The second study analyzed heart blood flow in 19 smokers, ages 24 to 32, immediately before and after using either e-cigarettes or traditional cigarettes. Blood flow was measured while participants were at rest and again as they performed a handgrip exercise.
Study co-author Dr. Susan Cheng, director of public health research at Cedars-Sinai Medical Center, said the finding that heart blood flow was reduced in e-cigarette users while at rest was a surprise. “Providers counseling patients on the use of nicotine products will want to consider the possibility that e-cigs may confer as much and potentially even more harm to users and especially patients at risk for vascular disease,” she said.
High blood pressure, unhealthy diets in women of childbearing age
One in five women of childbearing age has high blood pressure, and a new study shows that few of them are on a diet that could help them – and their babies – reduce their risk for health problems.

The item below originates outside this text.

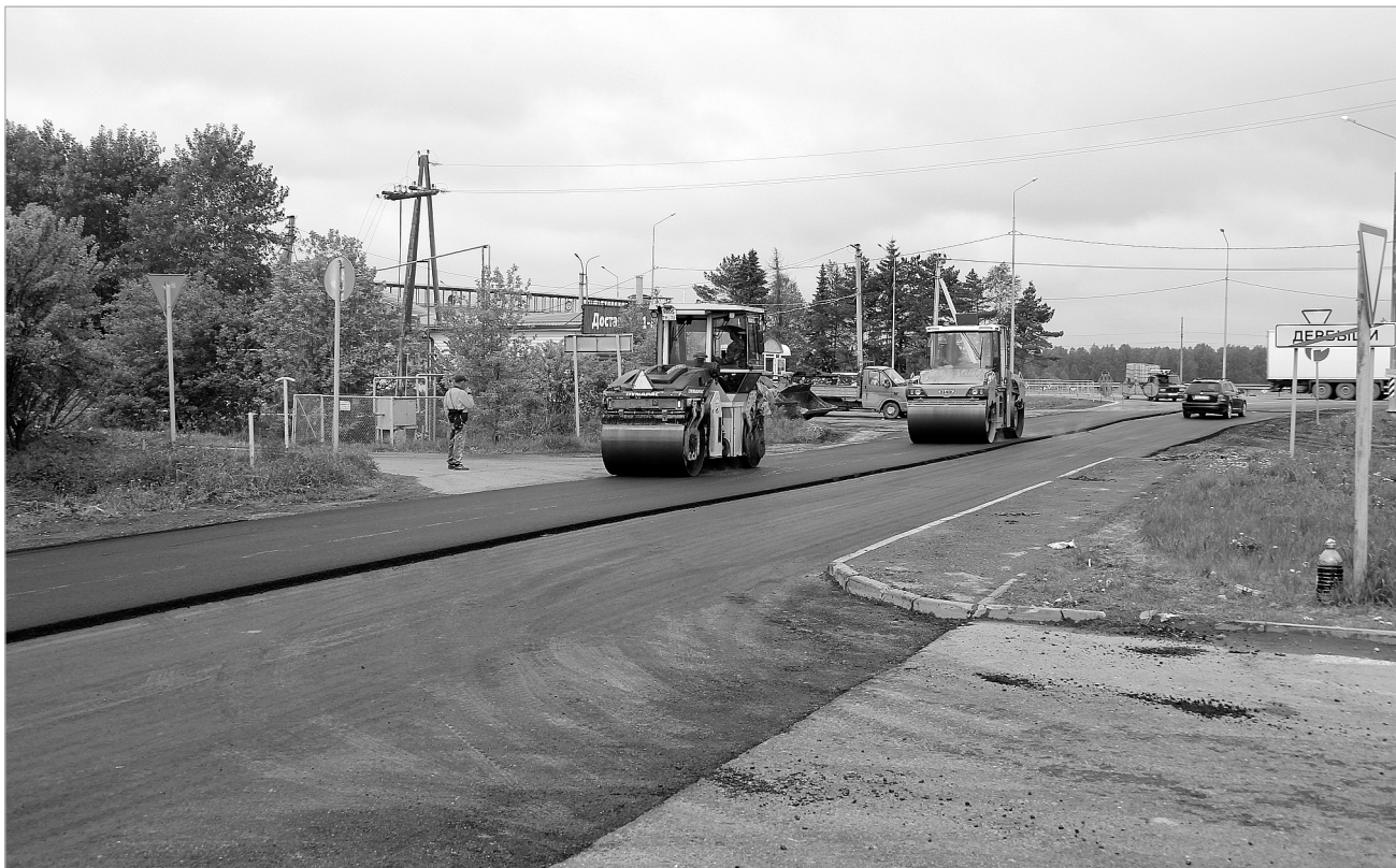
Выезд из Дербышей на федеральную трассу будет удобным для автомобилистов.

Nearly 40% of maternal deaths from any cause are associated with hypertension. Women who go into a pregnancy with high blood pressure are at risk of having a baby who has a low birth weight or is born premature. Dr. Lara Kovell, an assistant professor of cardiology at the University of Massachusetts Medical School in Worcester, presented preliminary findings of the study at the American Heart Association’s Scientific Sessions in Philadelphia.
Kovell and her colleagues analyzed data collected on 8,740 women ages 20 to 50 taking part in a national health and nutrition study from 2001 to 2016. They found that 22.4% had high blood pressure.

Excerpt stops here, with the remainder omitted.